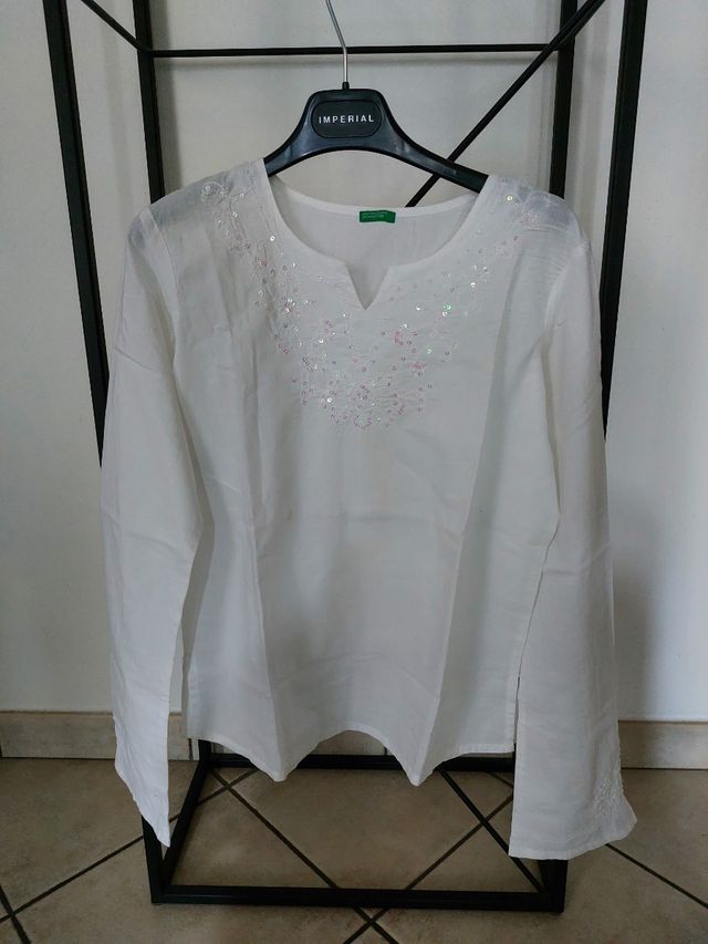 Camicia Benetton bianca con paillettes
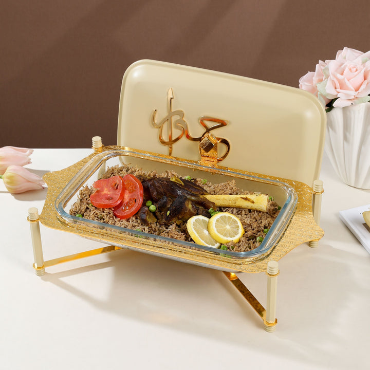 It comes with a lid that adds a touch of luxury, decorated with Arabic calligraphy spelling "Jiwar," which also helps to preserve the food.
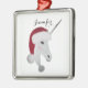 Unicorn Magical Christmas Personalised Metal Ornament makes an elegant gift idea for a unicorn lover! The beautiful white unicorn is wearing a red Santa hat and the customised name is on the upper area of the Christmas ornament. Background shown is white and is available in a variety of colours.
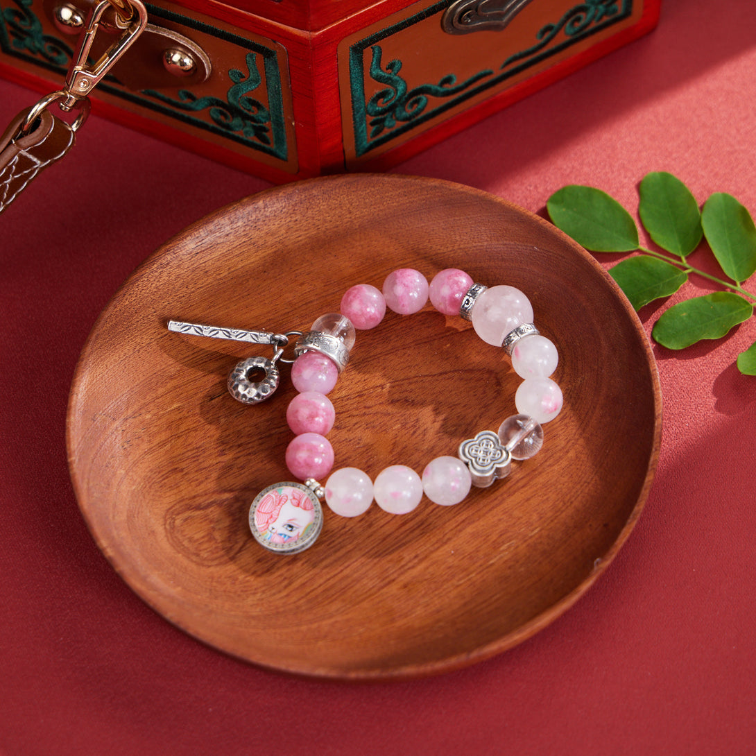 Rose Quartz White Crystal Fox Fairy Harmony Bracelet
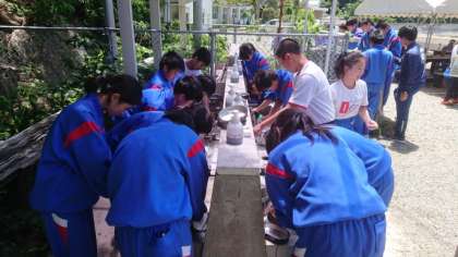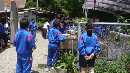 野外料理もそろそろ後片付けの時間となりました。「生徒の皆さん、しっかりみがきましょう!」「来たときよりも美しく!」
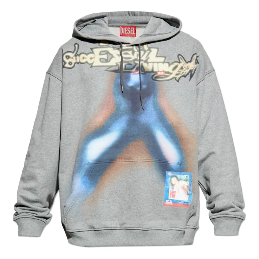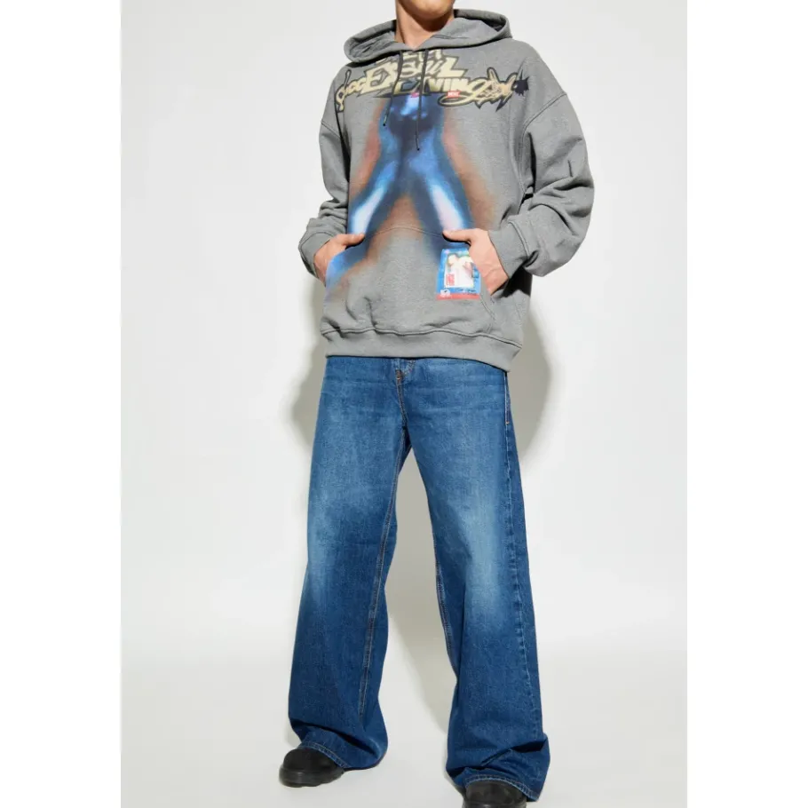 De Diesel S-BOXT-HOOD-V4 Hoodie combineert een oversized urban silhouet met een opvallende abstracte graphic en street-art details, ontworpen voor statement casual wear. Belangrijkste kenmerken: Blauw | Grijs | Katoen | Comfortabel | | Vormvast | Ruime capuchon | Kangoeroezak | Abstracte blauw-witte graphic | Street-art graffiti stijl | Fotografische patch in de linkeronderhoek met rode letters | Intern label met rood DIESEL logo | Afmetingen & pasvorm: Lengte: 193 cm | Borst: 95 cm | Taille: 82 cm | Heupen: 93 cm | Oversized fit | Model draagt maat XXL | Samenstelling & onderhoud: 100% katoen | Machinewas, plat drogen
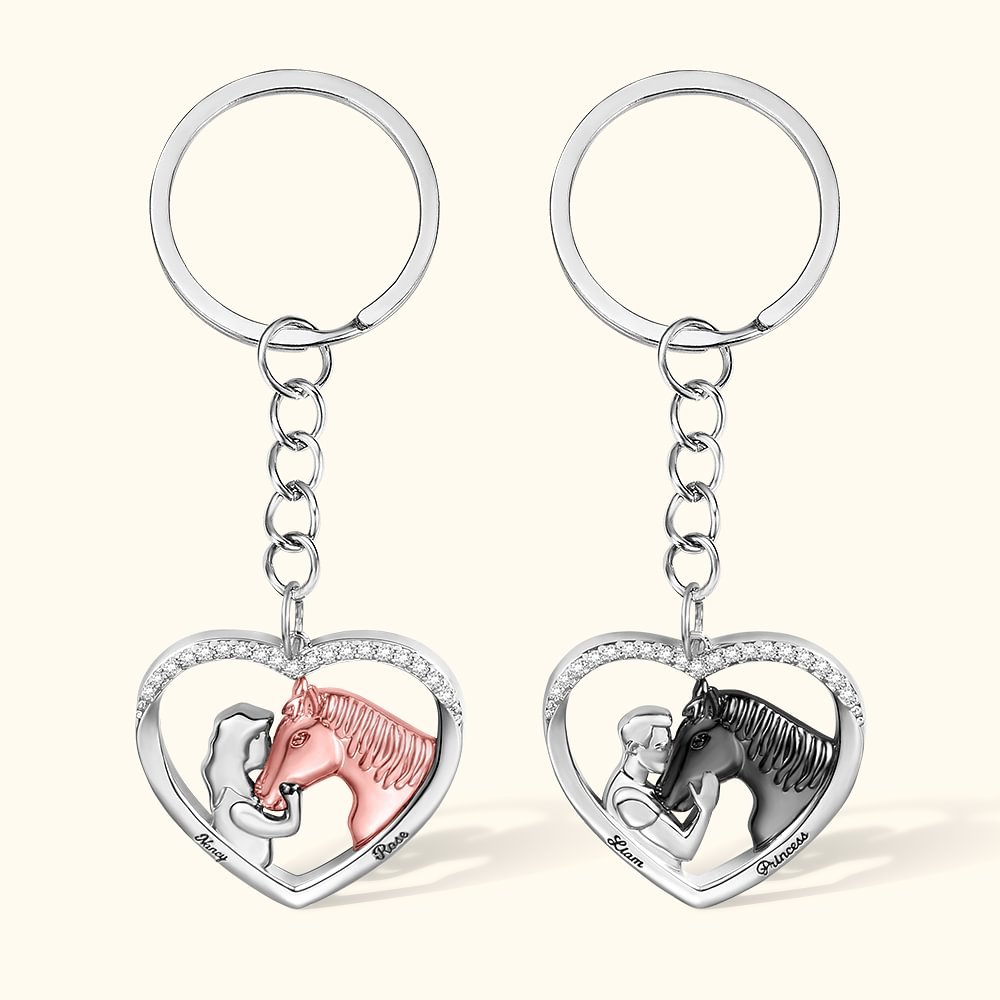 - I cavalli sono sempre stati considerati coraggiosi, liberi, audaci e appassionati. Simboleggiano lo spirito positivo della vita. Le persone credono che i cavalli portino fortuna. Una ragazza o un ragazzo accarezzano leggermente il loro cavallo preferito e sembrano parlare tra loro. Sono anche le persone che di solito condividono i loro segreti o le cose felici con i loro amici animali. L'utilizzo di questo portachiavi vi porterà ulteriore fortuna.
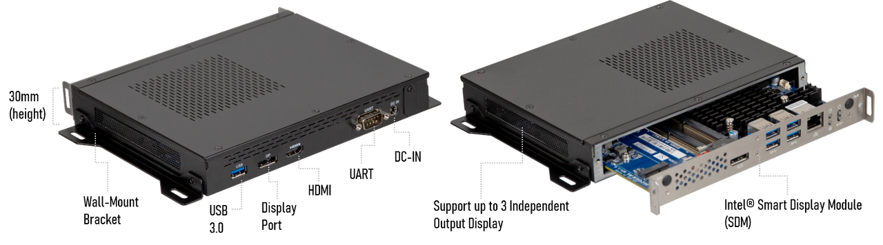 7세대 Intel® Core™ i5/i3 및 Celeron® 프로세서를 기반으로 하는 SDM(스마트 디스플레이 모듈) 시리즈와 함께 사용할 수 있습니다. 컴팩트한 디자인은 벽걸이형(기본값)이든 VESA 75/100(옵션)을 사용하여 패널 PC 또는 디지털 사이니지 뒤에 수직 및 수평으로 배치하든 공간이 제한된 환경에 이상적입니다. 또한 SDM은 업그레이드 및 유지 관리가 용이하여 SKU 조합에 대해 선호하는 SDM을 선택할 수 있을 뿐만 아니라 전체 미디어 디스플레이 장비를 변경하지 않고도 향후 더 높은 사양의 SDM으로 전환할 수 있습니다.
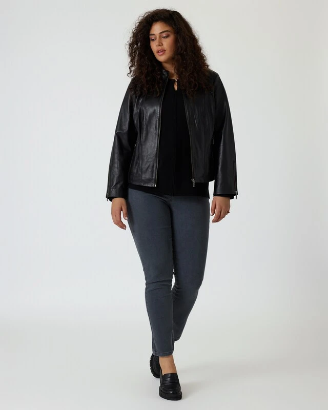 Die Jacke ist aus feinem Lammnappaleder gefertigt und dank Unterfütterung sehr angenehm im Tragegefühl. Ein markanter Stehkragen und ein durchgehender Reißverschluss sorgen für eine trendstarke Optik – ob offen oder geschlossen getragen.
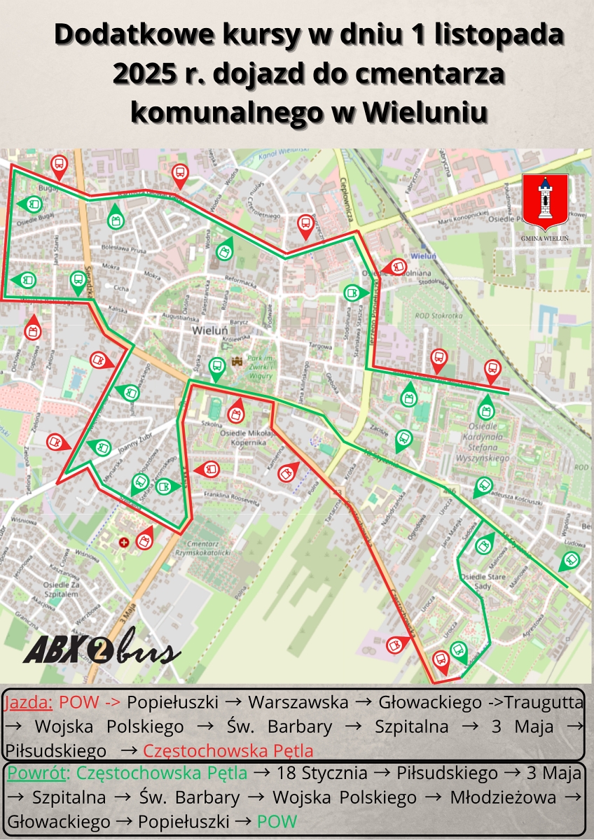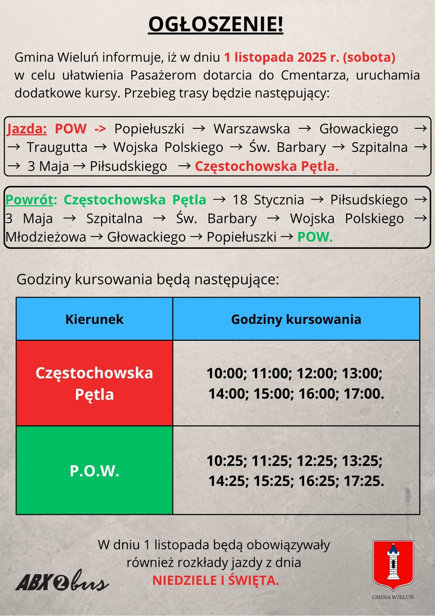 Władze miasta, reagując na inicjatywę zgłoszoną przez Obywatelski Wieluń podczas ostatniej sesji Rady Miejskiej, postanowiły uruchomić dodatkowe kursy autobusów. 1 listopada autobusy będą kursować zgodnie z obowiązującym rozkładem jazdy dla niedziel i świąt, ale również według specjalnego, dodatkowego rozkładu, który ma zapewnić większą częstotliwość połączeń. Dzięki temu mieszkańcy będą mogli wygodnie i bezpiecznie dotrzeć na cmentarze bez konieczności stania w korkach i szukania wolnego miejsca parkingowego.

=======

*Task requirements*.
Copy only the lines above from the one containing "Unicorn Magical Christmas" through the one containing "野外料理もそろそろ後片付けの", both included. Leave out the pictures.

*Exercise response*.
 Unicorn Magical Christmas Personalised Metal Ornament makes an elegant gift idea for a unicorn lover! The beautiful white unicorn is wearing a red Santa hat and the customised name is on the upper area of the Christmas ornament. Background shown is white and is available in a variety of colours.
 Rose Quartz White Crystal Fox Fairy Harmony Bracelet
 野外料理もそろそろ後片付けの時間となりました。「生徒の皆さん、しっかりみがきましょう!」「来たときよりも美しく!」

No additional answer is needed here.